## TASK GOAL:
Print a faithful copy of the data below, word for word, with the pictures left out.

########

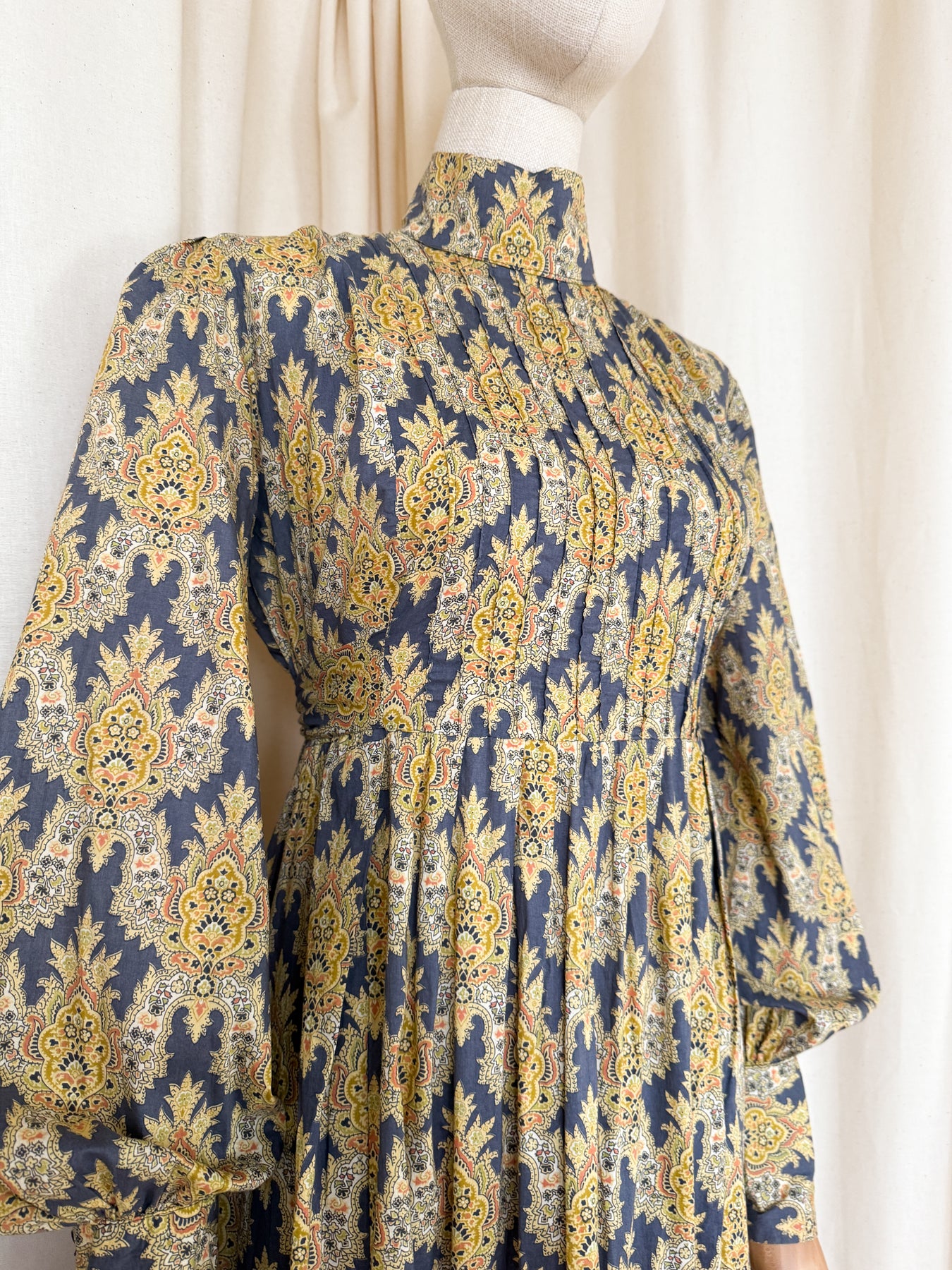 A coveted HOLY GRAIL RARE 1970s Bluestocking maxi dress crafted in luxurious liberty cotton lawn. The dress features a striking golden damask print, high collar, voluminous cuffed sleeves, and a dramatically flounced skirt. Bluestocking's limited production and refined design aesthetic make pieces highly sought after and some of the rarest early Liberty designs around. She is a VERY precious find and will be treasured in her next abode.
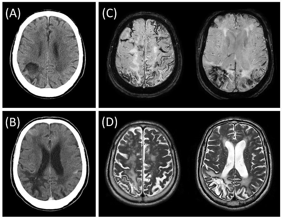 „fekete” szalagok), lebenyi mikrovérzések (jelszegény pöttyök) és makrovérzések (jelszegény szélű nagyobb állományi eltérések), a mély agyterületek érintettsége nélkül, CAA-ra jellegzetes módon. (D) Összefolyó aszimmetrikus T2 jelintenzív (világos) ödémás eltérések, melyek gyulladásos CAA-ra (CAA-RI) jellegzetesek.
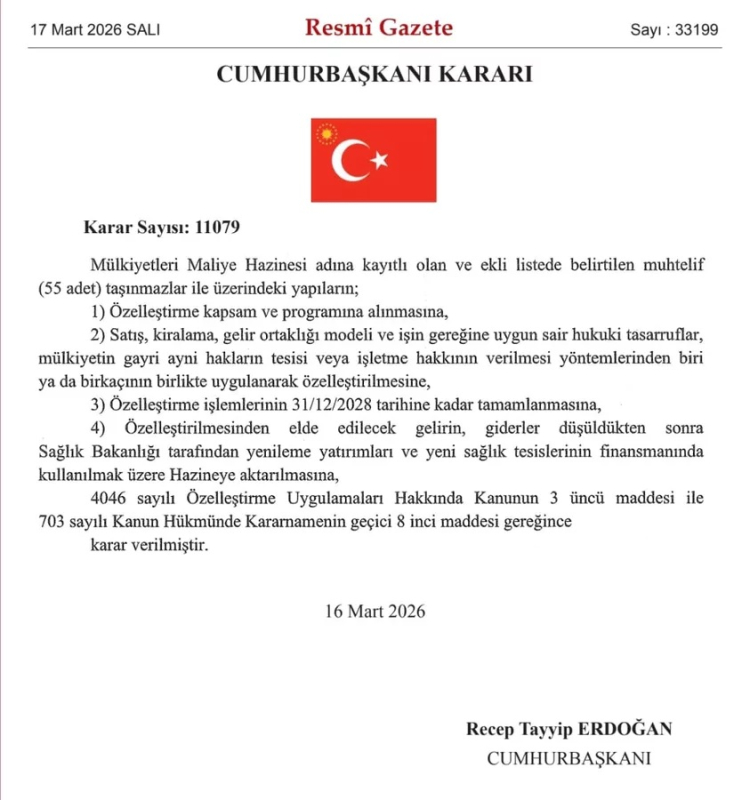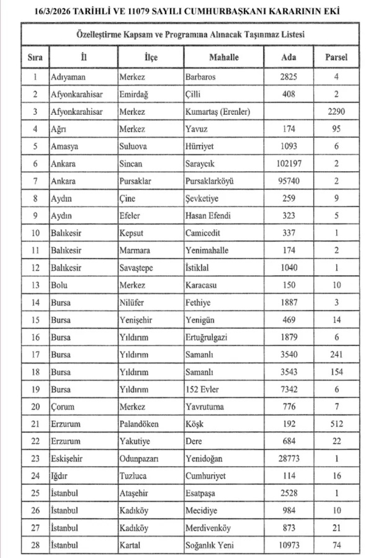 Resmi Gazete'de yayımlanan Cumhurbaşkanı Kararı ile Türkiye genelinde 55 taşınmaz özelleştirme kapsamına alındı. Listede Bursa'nın 3 farklı ilçesindeki 6 taşınmaz da yer alırken, elde edilecek gelirin sağlık yatırımlarında kullanılacağı açıklandı.
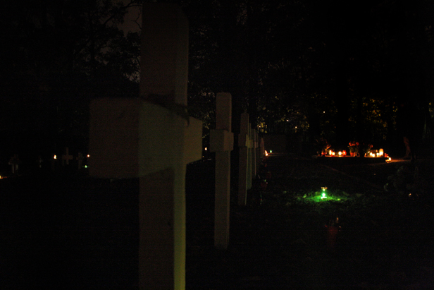 Na zdjęciach: Wszystkich Świętych 2012 - pogrążony w nieprzeniknionych ciemnościach cmentarz garnizonowy i oświetlony zniczami cmentarz prawosławny
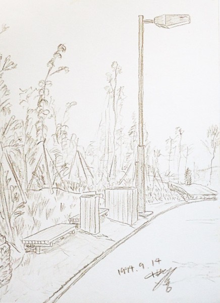 - これは作家が中学二年生の春に写生会で描いた水彩画である。未完成だったため、逆に手元に残った。
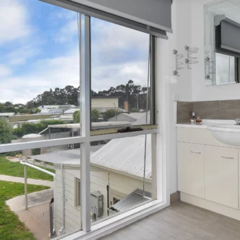 The family lounge is equipped with a reverse cycle split system and gas heating, providing comfort year-round. The open family zone includes a modern kitchen and dining area with a 900mm stove and a pantry, ideal for family meals and gatherings.

########

## RESPONSE BOX:
 A coveted HOLY GRAIL RARE 1970s Bluestocking maxi dress crafted in luxurious liberty cotton lawn. The dress features a striking golden damask print, high collar, voluminous cuffed sleeves, and a dramatically flounced skirt. Bluestocking's limited production and refined design aesthetic make pieces highly sought after and some of the rarest early Liberty designs around. She is a VERY precious find and will be treasured in her next abode.
 „fekete” szalagok), lebenyi mikrovérzések (jelszegény pöttyök) és makrovérzések (jelszegény szélű nagyobb állományi eltérések), a mély agyterületek érintettsége nélkül, CAA-ra jellegzetes módon. (D) Összefolyó aszimmetrikus T2 jelintenzív (világos) ödémás eltérések, melyek gyulladásos CAA-ra (CAA-RI) jellegzetesek.
 Resmi Gazete'de yayımlanan Cumhurbaşkanı Kararı ile Türkiye genelinde 55 taşınmaz özelleştirme kapsamına alındı. Listede Bursa'nın 3 farklı ilçesindeki 6 taşınmaz da yer alırken, elde edilecek gelirin sağlık yatırımlarında kullanılacağı açıklandı.
 Na zdjęciach: Wszystkich Świętych 2012 - pogrążony w nieprzeniknionych ciemnościach cmentarz garnizonowy i oświetlony zniczami cmentarz prawosławny
 - これは作家が中学二年生の春に写生会で描いた水彩画である。未完成だったため、逆に手元に残った。
 The family lounge is equipped with a reverse cycle split system and gas heating, providing comfort year-round. The open family zone includes a modern kitchen and dining area with a 900mm stove and a pantry, ideal for family meals and gatherings.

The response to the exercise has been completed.